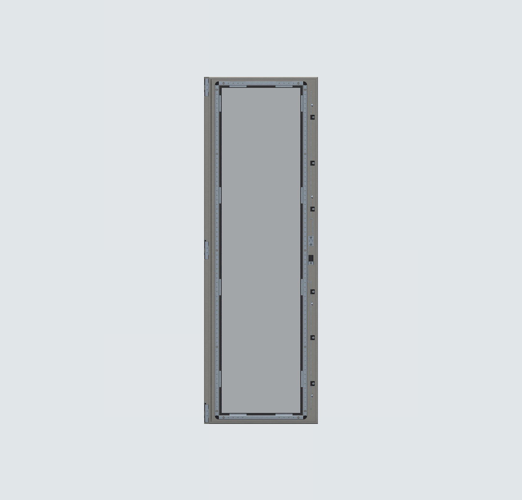 Camlı Kapı, kabin içindeki sayaç, gösterge ve panellere güvenli erişim sağlamak ve gözlem imkanı sunmak için tasarlanmış bir bileşendir. Paslanmaz AISI304 veya AISI316 malzemeden üretilmiş olup 1.5 mm sac ve 4 mm temperli cam kullanılmıştır. Lak kaplama yüzeyi estetik ve dayanıklıdır. Gizli menteşe tasarımı, kabin ön iskeletini tamamen kapatarak temiz ve profesyonel bir görünüm sağlar. Dökme contalı uygulamada IP54 koruma sınıfına uygundur ve 3 noktalı ispanyolet kilit sistemi ile güvenlik artırılmıştır. Cam altında bulunan özel conta ve kapı içi destek sacları, camın kırılmaya karşı dayanıklılığını artırır. Montaj, gizli menteşelerle vidalı ve basit şekilde yapılır.
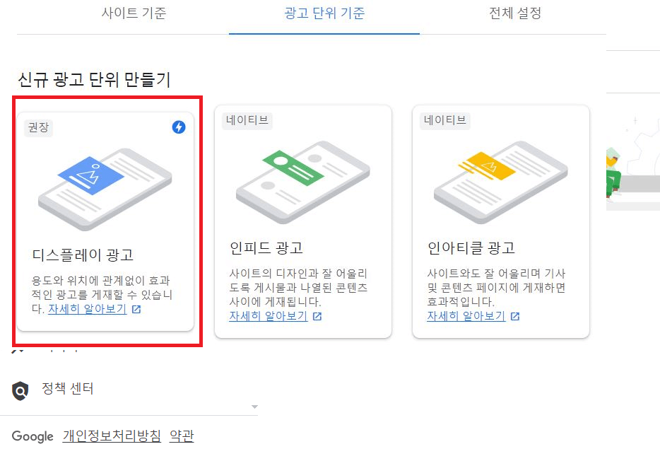 - [디스플레이 광고] 옵션을 클릭해 주세요.
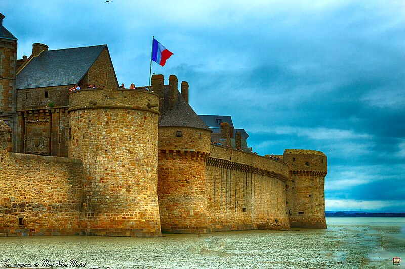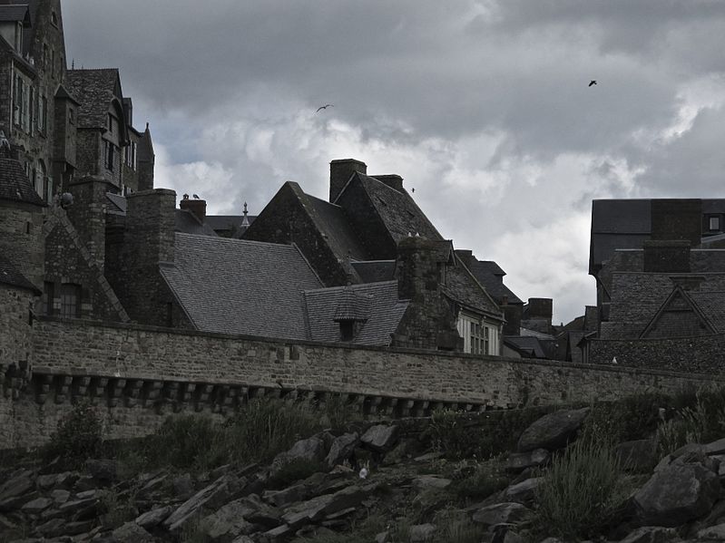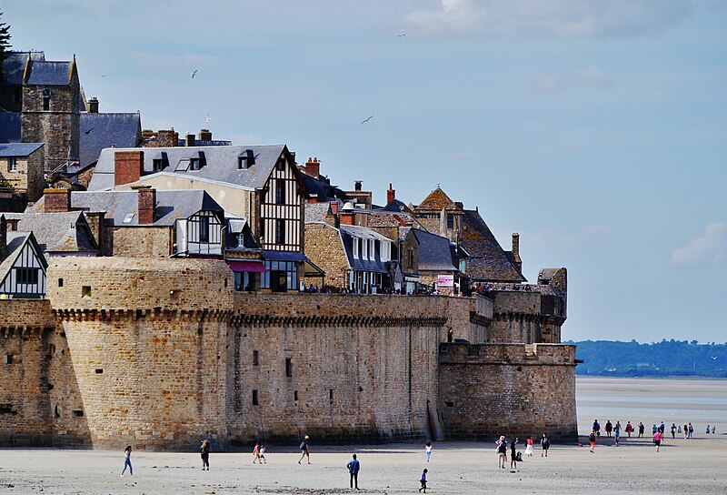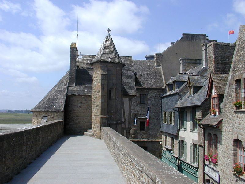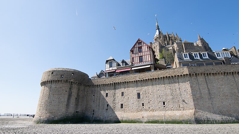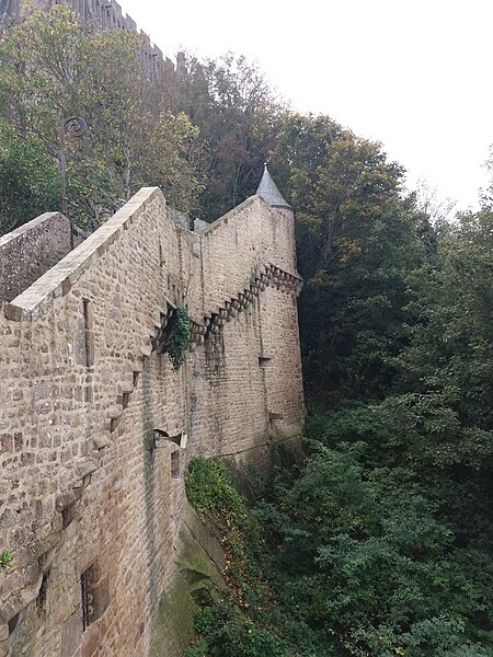L’enceinte urbaine date des XIIIe–XVIe siècles et avait pour fonction de protéger le Mont et son abbaye, notamment pendant la guerre de Cent Ans. À l’origine et jusqu’au début du XIIIe siècle, une palissade en bois protégeait le Mont, l’abbaye seule disposant d’une fortification en pierre. Après la reconquête du duché de Normandie et le ravage de l’îlot par l’armée bretonne de Guy de Thouars alliée au roi capétien, l’abbé et les moines décidèrent de ceinturer le Mont. Sous Saint Louis, vers 1257, une porte fut dressée à l’orient pour barrer l’accès par les grands escaliers, constituant la première défense avancée. En 1311 l’abbé Guillaume du Château fit édifier la première enceinte reliant la tour Nord au chevet de l’église Saint-Pierre, et en 1314 la porterie accueillit la première garnison.
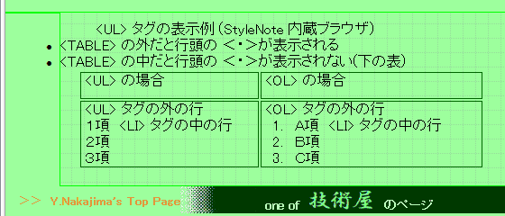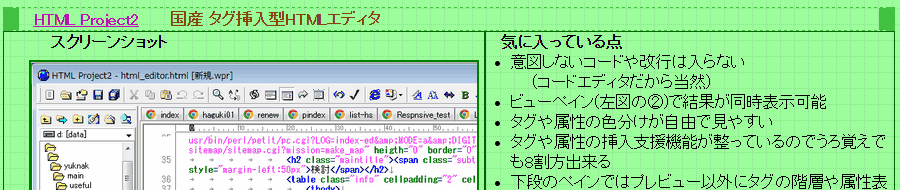 StyleNoteの内蔵ブラウザエンジンは PCにインストールされている IEらしいが、細部で IE(私の環境では Ver.10)とも、Chromeなどとも違っている。気づいたのは <UL> タグの中の <LI> タグの行頭の<・>が TABLE内では表示されなくなってしまうこと。margine-left: 1em 等とすれば表内に入るので表示される。 ![]() StyleNoteの内蔵ブラウザ ・TABLE中の<LI> タグの行頭の<・>が表示されない。 ・(主原因は <!Doctype> のHTMLバージョン宣言部と スタイルシートのミスマッチの場合だが)<div> で上部に固定表示されるように設定した要素(右図の濃緑色部分)が画面下部に表示されてしまう。 下の IE等との違いを参照 InternetExplorer 10PC にインストールされている Internet Explorer の表示: TABLE中の<LI> タグの行頭の<・>は表の外に表示されている ChromeTABLE中の<LI> タグの行頭の<・>は表の外に表示されている FireFoxTABLE中の<LI> タグの行頭の<・>は表の外に表示されている おそらく、内蔵ブラウザでは表の外にはみ出した部分は表示しないようにしているんだろう。 もうひとつ、表のセル幅や 縦位置の表示が一致しない。(★★★) 同一ソースで Chrome (IEも同じ) と比べたのが下図だが、2列の表の右列に更に表を入れ子して、親の表の列に幅を固定値で設定し、子の表は 幅を 100%で指定しているが、何故か親の列幅指定が効かない。どんな値が解釈されているのか全く不明。更に左列に挿入した画像が topではなくて bottom に表示されてしまっている。原因は スタイルシートで table 等に vertical-align: baseline; を設定しているためらしく、HTML側で td要素に valign: top; と指定しても無視されているようだ。 StyleNote 内蔵ブラウザ Chromefigure タグの表示レイアウト(★★★) ![]() 最近気づいたところでは、<figure class="" id="floatright"> <img src="" alt=""> <figcaption class="centertext">画像タイトル</figcaption></figure>( ・・・説明テキスト)のような記述をしても、IE他ではきちんと 画像は右側に、キャプションは画像の下に、説明テキストはその左側に回り込んで表示されるが、StyleNoteの内蔵ブラウザは 左端から順に画像・キャプション・説明テキストの順になってしまい、文字が画像の横に回り込まない。 ![]() <img> タグの中では 同じ id="floatright" の指定を行えば、画像の左側に文字列が回り込む。現時点で気づいているのは <figure> タグの中でフロートを使用した時だけ。 その他、(主原因は <!Docutype> のHTMLバージョン宣言部と スタイルシートのミスマッチの場合なので取り上げるのもはばかられるが、<DIV>で指定した Headerセクションの表示位置が、IE/Chrome/FireFox などはミスマッチにかかわらずページ上部に表示されるのに、内蔵ブラウザでは要素の下部に表示されている(このセルの一番上の図の<one of 技術屋>という部分) strictな解釈と言う意味では StyleNoteが正しいのか?? このように 何点か外部ブラウザと 属性などの解釈の違いがあるようで、レイアウトが正しく表示されないケースが散見される。したがって現時点ではかなり高頻度で外部ブラウザによるチェックが欠かせない。(要は私自身が HTMLタグの細部に自信がないと言うことの裏返しだけど) HTML Project2の時は、IEに限定すれば互換表示されていたので、これほど神経質になることは無かった。 プレビュー画面がリアルタイムに表示されると言う特徴があるだけに、その長所が生きないということで この点は非常に惜しい。 |
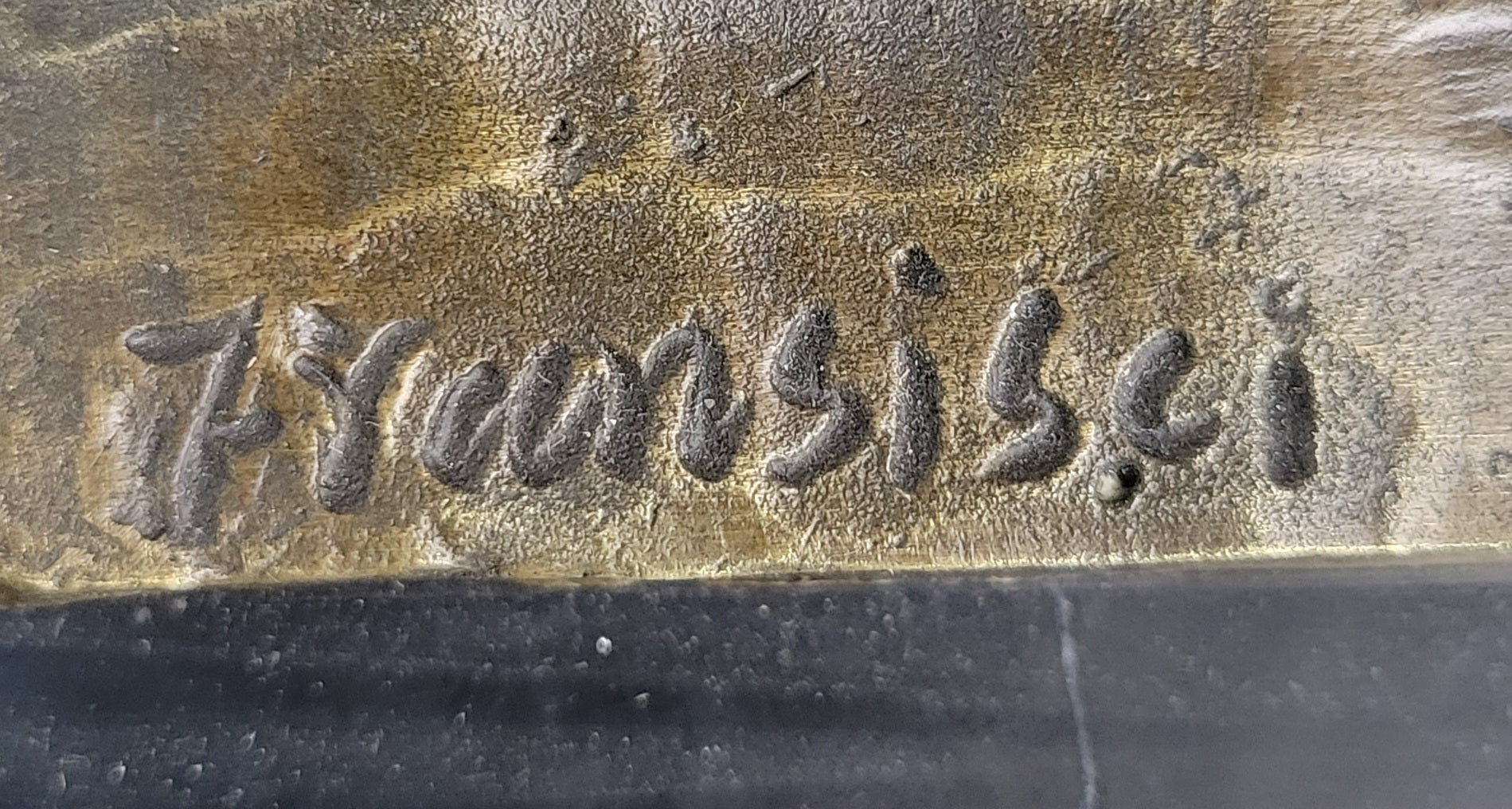 The sculpture features a rich brown patina that accentuates the intricate details and textures of the bronze. Resting on a black marble base, it exudes a sense of stability and sophistication. Adding to its authenticity and value, the sculpture bears the signature of the renowned artist Francisci, a mark of the artist's mastery and dedication to their craft.
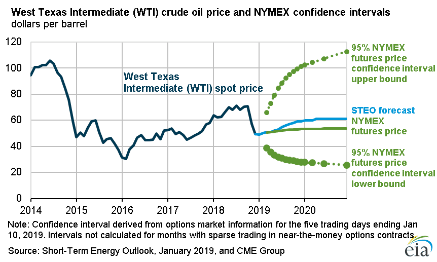 - EIA forecasts Brent prices will average $61 per barrel (b) in 2019 and $65/b in 2020. In 2018, Brent prices averaged $71/b. EIA expects West Texas Intermediate (WTI) crude oil prices will average $8/b lower than Brent prices in the first quarter of 2019 before the discount gradually falls to $4/b in the fourth quarter of 2019 and throughout 2020. EIA’s forecast for the average WTI price for December 2019 of $59/b should be considered in the context of NYMEX futures and option contract values for December 2019 delivery. NYMEX trading during the five-day period ending January 10, 2019, suggest that a range of $28/b to $101/b encompasses the market expectation for December 2019 WTI prices at the 95% confidence level.

━━━

→ **Try it**
Beginning with the first line of the entries above, repeat each line word for word until the line with "L’enceinte urbaine date" has been given too. Omit the pictures.

→ **Worked solution**
 Camlı Kapı, kabin içindeki sayaç, gösterge ve panellere güvenli erişim sağlamak ve gözlem imkanı sunmak için tasarlanmış bir bileşendir. Paslanmaz AISI304 veya AISI316 malzemeden üretilmiş olup 1.5 mm sac ve 4 mm temperli cam kullanılmıştır. Lak kaplama yüzeyi estetik ve dayanıklıdır. Gizli menteşe tasarımı, kabin ön iskeletini tamamen kapatarak temiz ve profesyonel bir görünüm sağlar. Dökme contalı uygulamada IP54 koruma sınıfına uygundur ve 3 noktalı ispanyolet kilit sistemi ile güvenlik artırılmıştır. Cam altında bulunan özel conta ve kapı içi destek sacları, camın kırılmaya karşı dayanıklılığını artırır. Montaj, gizli menteşelerle vidalı ve basit şekilde yapılır.
 - [디스플레이 광고] 옵션을 클릭해 주세요.
L’enceinte urbaine date des XIIIe–XVIe siècles et avait pour fonction de protéger le Mont et son abbaye, notamment pendant la guerre de Cent Ans. À l’origine et jusqu’au début du XIIIe siècle, une palissade en bois protégeait le Mont, l’abbaye seule disposant d’une fortification en pierre. Après la reconquête du duché de Normandie et le ravage de l’îlot par l’armée bretonne de Guy de Thouars alliée au roi capétien, l’abbé et les moines décidèrent de ceinturer le Mont. Sous Saint Louis, vers 1257, une porte fut dressée à l’orient pour barrer l’accès par les grands escaliers, constituant la première défense avancée. En 1311 l’abbé Guillaume du Château fit édifier la première enceinte reliant la tour Nord au chevet de l’église Saint-Pierre, et en 1314 la porterie accueillit la première garnison.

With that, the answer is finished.